RECORDS >>
----
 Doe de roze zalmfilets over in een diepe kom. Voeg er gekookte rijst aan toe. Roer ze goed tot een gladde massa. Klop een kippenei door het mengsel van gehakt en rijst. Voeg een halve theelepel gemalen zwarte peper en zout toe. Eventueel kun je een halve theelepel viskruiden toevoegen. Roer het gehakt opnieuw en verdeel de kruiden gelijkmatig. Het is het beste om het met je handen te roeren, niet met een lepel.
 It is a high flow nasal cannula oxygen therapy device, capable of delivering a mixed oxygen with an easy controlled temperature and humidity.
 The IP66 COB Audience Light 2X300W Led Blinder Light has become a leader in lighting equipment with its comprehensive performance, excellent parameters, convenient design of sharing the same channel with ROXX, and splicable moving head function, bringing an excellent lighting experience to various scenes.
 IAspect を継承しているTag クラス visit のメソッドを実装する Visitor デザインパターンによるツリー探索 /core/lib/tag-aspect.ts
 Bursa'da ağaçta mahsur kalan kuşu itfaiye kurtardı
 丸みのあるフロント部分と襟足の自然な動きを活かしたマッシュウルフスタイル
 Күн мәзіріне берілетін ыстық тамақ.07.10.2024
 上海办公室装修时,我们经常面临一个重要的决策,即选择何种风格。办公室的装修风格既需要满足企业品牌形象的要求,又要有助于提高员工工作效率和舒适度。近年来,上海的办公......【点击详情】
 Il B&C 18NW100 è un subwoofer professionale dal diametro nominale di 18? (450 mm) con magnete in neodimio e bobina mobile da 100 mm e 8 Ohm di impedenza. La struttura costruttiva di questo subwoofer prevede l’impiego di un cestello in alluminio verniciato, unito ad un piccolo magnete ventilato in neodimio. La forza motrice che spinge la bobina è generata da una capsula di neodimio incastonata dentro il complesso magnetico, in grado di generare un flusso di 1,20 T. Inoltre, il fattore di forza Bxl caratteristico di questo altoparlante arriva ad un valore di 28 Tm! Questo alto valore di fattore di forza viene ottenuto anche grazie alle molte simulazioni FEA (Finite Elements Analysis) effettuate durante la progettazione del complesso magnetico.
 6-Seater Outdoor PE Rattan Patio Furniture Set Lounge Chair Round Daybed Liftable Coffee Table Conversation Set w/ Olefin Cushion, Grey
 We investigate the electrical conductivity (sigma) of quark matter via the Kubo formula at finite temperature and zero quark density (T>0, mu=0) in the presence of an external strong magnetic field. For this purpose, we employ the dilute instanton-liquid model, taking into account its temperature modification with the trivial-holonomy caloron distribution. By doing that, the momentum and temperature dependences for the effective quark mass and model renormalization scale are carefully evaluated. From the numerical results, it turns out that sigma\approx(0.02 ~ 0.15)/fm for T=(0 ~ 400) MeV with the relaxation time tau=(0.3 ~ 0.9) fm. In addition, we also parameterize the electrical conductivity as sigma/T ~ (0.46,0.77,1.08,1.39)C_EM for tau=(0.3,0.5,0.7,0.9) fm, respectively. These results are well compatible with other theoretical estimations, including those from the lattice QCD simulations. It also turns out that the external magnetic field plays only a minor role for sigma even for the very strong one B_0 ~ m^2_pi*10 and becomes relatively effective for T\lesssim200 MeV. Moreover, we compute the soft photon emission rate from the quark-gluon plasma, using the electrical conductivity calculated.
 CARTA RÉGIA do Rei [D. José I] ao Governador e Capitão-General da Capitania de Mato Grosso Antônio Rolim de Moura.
----
WORK ORDER >> Find where the line with "Bursa'da ağaçta mahsur" sits in the material above, then copy exactly from it through the line with "上海办公室装修时,我们经常面". Add no other line.

TASK ANSWER >>
 Bursa'da ağaçta mahsur kalan kuşu itfaiye kurtardı
 丸みのあるフロント部分と襟足の自然な動きを活かしたマッシュウルフスタイル
 Күн мәзіріне берілетін ыстық тамақ.07.10.2024
 上海办公室装修时,我们经常面临一个重要的决策,即选择何种风格。办公室的装修风格既需要满足企业品牌形象的要求,又要有助于提高员工工作效率和舒适度。近年来,上海的办公......【点击详情】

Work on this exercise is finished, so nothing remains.